Le culte des roues sacrées

Cruel tableau que les hérissons écrasés au bord des routes. Le plat commun dont se régalent les pies, corneilles et corbeaux. Ces bêtes charmantes, dont la triste fin afflige les âmes bienveillantes et font le bonheur des oiseaux carnivores, n’ont pas la mort facile. Elles n’ont que quelques secondes, malgré des phares éblouissants, pour viser avec précision la courte largeur d’un pneu de voiture lancée à toute vitesse.
Les hérissons ne meurent ni par accident, ni par instinct suicidaire. Ils quittent ce monde, emplis de joie, avec la promesse d’une vie meilleure, dans l’au-delà de leur religion.

 

Ces animaux ont le goût de la prière et des offices.
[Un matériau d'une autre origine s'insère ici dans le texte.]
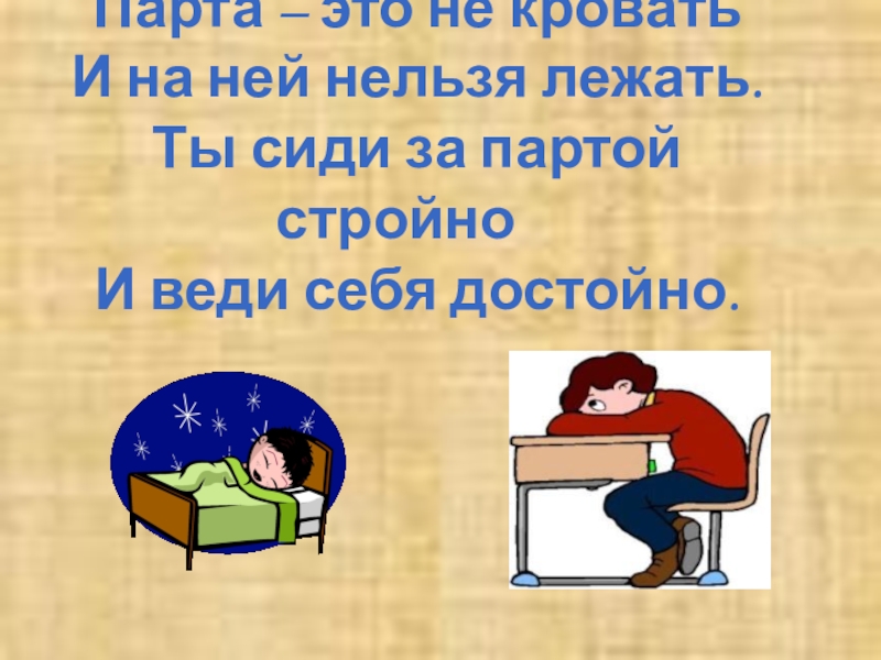 Парта – это не кроватьИ на ней нельзя лежать.Ты сиди за партой стройноИ веди себя достойно.

Tous les jeudis, ils se réunissent dans le terrier du culte de leurs villages, afin de célébrer leur croyance et se préparer au sacrifice de la fin de semaine, rituel qui s’étend du vendredi au dimanche. À cette occasion, après d’âpres luttes qui galvanisent les spectateurs, de jeunes mâles vigoureux sont élus pour le martyr.

Ils ont alors une journée pour saluer leur famille, leurs amis et se préparer à rejoindre le paradis des hérissons, peuplé de jeunes hérissonnes et de doux éphèbes, soumis pour l’éternité à leurs moindres désirs.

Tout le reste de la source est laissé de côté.